OOS 90-3
Long-term data reveals a regime shift in watershed nitrogen export

Friday, August 14, 2015: 8:40 AM
336, Baltimore Convention Center
Jackson R. Webster, Biological Sciences, Virginia Polytechnic Institute and State University, Blacksburg, VA
Wayne T. Swank, Coweeta Hydrologic Laboratory, USDA Forest Service Southern Research Station, Otto, NC
Jennifer D. Knoepp, USDA Forest Service Southern Research Station, Coweeta Hydrologic Laboratory, Otto, NC
Chelcy Ford Miniat, USDA Forest Service Southern Research Station, Coweeta Hydrologic Laboratory, Otto, NC
Background/Question/Methods

Reference forest watersheds at Coweeta Hydrologic Laboratory are highly nitrogen retentive, and export is biologically controlled by processes in both the terrestrial and stream systems. However, accumulation of available nitrogen beyond that which is biologically immobilized results in nitrogen saturation and can switch regulation of watershed nitrogen export to hydrologic control.  This change in nitrogen export represents a significant regime shift. 

Results/Conclusions

Based on 42-yr of weekly data, WS 7 shifted from biologically controlled export to hydrologic controlled export several years after logging.  This regime shift was apparently caused by reduced tree uptake, increased mineralization of organic nitrogen, and nitrogen fixation by black locust associated microbes.  The data show a long-term increase in the magnitude of nitrogen export and a shift in the seasonal timing.  In forested watersheds at Coweeta, maximum dissolved inorganic nitrogen concentration occurs in summer when base flow is low, but WS 7 has now shifted to a pattern of maximum winter concentration.
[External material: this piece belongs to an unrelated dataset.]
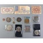 Interesting 1887 Victorian silver half crown in loose mount with a ROUBAIX 1910 French Exhibition medallion and some UK Crowns. Also two WWII era occupation banknotes and a Irish £5 note

The seasonal pattern of nitrogen concentration and export from undisturbed watersheds can be explained by in-stream processes, but following any disturbance such as logging, elevated nitrogen export saturates these in-stream processes, and the nitrogen export regime becomes dominated by hydrologic transport from the terrestrial system.  This shift from biological to hydrological control of nitrogen dynamics appears to be permanent or, at least, will require a very long time for recovery.